I think Arduino IDE V2.3.2 causing problems may need to downgrade to Arduino 1.8.19?

Can you share "Teensy_Hang_Demo.ino" here on this forum? (the Google Drive link wants login which I don't have)
I attached just the source to teensy demo - other folders have copies of libraries including wire/time/arduino.d etc. and also the vs code and the hex files etc that I deleted
 

Attachments

  • Teensy_Hang_Demo.zip
    35.1 KB · Views: 22
I was able to narrow down the point at which Teensyduino causes my OTA-enabled robot program to hang up. For each of the Teensyduino versions listed below, I did a complete uninstall/reinstall of Arduino 1.8.19, followed by a fresh install of Teensyduino of that particular version. Then I did a 'build clean' on my WallE3_Git project, followed by a debug compile (F5) which triggers an OTA upload to my robot.

1.58b2 --> Works OK
1.58b4 --> Works OK
1.59 --> Hangs
1.58rel --> Works OK
1.59b3 --> Hangs
1.59b1 --> Works
1.59b2 --> Hangs

So it looks like something in the changes between 1.59b1 and 1.59b2 causes the OTA process to fail.

Frank
 
Changes since Teensyduino 1.59-beta1: https://forum.pjrc.com/index.php?threads/teensyduino-1-59-beta-2.72572/

Add inplace_function for callbacks
IntervalTimer use inplace_function
IntervalTimer demo callback backwards compatibility
Delete unused flags from String
Use C++17 to simplify IntervalTimer (Luni)
Fault handler use main vs process stack pointer (Christian Kahlo)
USBHost_t36 update DriveInfo example (Warren Watson)
FastLED fix C++17 compiler warnings
Tlc5940 update documentation, SCLK overshoot sensitivity
 
Now have you tried to localize down exactly where it is hanging?
Like in the call to xyz->abc()...
Where maybe before each major call, put in. things like Serial.println("Before call ABC"); Serial.flush();
And find where it hangs?
Does the code make it to setup();

If you then know which call is failing to return, then go into the source of that function and again add Serial.prints or the like into each area of that function... Until you have it localized down to what is failing...
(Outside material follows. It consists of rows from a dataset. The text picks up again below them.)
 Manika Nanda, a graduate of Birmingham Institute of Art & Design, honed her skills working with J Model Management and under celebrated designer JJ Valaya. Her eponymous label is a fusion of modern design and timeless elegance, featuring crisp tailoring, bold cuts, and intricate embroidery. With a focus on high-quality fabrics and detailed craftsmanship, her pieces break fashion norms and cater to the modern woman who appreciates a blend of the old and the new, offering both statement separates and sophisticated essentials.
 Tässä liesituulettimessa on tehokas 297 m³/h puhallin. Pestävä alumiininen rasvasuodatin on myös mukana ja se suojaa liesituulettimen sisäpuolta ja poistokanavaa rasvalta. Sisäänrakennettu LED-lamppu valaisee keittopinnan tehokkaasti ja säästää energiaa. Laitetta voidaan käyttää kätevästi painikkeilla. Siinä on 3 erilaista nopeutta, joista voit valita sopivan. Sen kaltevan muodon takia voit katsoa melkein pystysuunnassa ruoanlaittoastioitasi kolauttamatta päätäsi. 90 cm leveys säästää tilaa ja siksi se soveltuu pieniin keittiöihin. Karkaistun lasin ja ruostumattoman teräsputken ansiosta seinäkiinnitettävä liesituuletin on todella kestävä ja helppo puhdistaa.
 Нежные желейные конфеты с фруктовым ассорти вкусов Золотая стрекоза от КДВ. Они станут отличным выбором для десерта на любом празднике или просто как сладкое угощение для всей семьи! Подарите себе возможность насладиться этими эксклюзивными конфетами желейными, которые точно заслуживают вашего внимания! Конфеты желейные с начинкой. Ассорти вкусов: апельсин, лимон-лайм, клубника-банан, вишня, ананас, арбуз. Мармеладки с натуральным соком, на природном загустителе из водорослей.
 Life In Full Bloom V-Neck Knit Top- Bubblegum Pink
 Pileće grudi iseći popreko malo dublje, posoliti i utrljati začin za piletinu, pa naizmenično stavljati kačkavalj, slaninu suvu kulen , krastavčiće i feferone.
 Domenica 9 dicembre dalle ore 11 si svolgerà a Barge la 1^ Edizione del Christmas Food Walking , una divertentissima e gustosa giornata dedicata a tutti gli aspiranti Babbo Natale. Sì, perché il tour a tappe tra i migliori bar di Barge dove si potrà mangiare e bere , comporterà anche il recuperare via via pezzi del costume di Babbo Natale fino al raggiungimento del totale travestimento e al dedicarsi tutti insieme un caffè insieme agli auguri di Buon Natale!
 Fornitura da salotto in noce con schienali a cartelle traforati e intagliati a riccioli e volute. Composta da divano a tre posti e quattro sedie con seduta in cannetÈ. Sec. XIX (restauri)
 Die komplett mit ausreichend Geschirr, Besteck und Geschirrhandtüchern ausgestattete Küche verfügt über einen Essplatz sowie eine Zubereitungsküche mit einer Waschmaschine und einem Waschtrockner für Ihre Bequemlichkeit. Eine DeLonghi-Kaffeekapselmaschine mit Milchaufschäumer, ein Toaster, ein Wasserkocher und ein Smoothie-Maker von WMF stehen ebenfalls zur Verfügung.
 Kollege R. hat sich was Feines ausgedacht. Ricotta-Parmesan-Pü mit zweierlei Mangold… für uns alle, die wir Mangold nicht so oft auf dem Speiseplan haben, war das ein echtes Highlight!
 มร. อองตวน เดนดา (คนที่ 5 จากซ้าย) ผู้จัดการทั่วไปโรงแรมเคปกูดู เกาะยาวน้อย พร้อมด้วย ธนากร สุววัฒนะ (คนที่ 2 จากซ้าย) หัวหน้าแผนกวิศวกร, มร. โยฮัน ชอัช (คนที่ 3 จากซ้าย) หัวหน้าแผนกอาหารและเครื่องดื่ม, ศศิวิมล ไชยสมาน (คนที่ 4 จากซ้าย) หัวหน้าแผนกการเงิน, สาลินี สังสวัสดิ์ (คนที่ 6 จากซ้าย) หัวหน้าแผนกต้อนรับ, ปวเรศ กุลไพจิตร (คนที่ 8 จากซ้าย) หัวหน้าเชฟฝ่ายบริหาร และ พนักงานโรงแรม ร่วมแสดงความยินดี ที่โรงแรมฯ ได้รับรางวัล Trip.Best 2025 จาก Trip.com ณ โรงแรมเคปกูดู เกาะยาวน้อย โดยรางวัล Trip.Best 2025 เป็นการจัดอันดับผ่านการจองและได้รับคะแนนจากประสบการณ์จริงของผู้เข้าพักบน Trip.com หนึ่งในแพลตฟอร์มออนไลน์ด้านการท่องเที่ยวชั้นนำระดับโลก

Note: If you have something like logic analyzer, you can also localize using IO pins, like put in things like digitalWriteFast, or digitalToggleFast or ... in key spots with unused pins (obviously need to pinMode them)...
 
Seems having the breadcrumb()'s is nice way to have 'static' storage of info across restarts. Even across warm restart and programming.

That could work even if the execution results in a HANG instead of a fault - where it would by design print.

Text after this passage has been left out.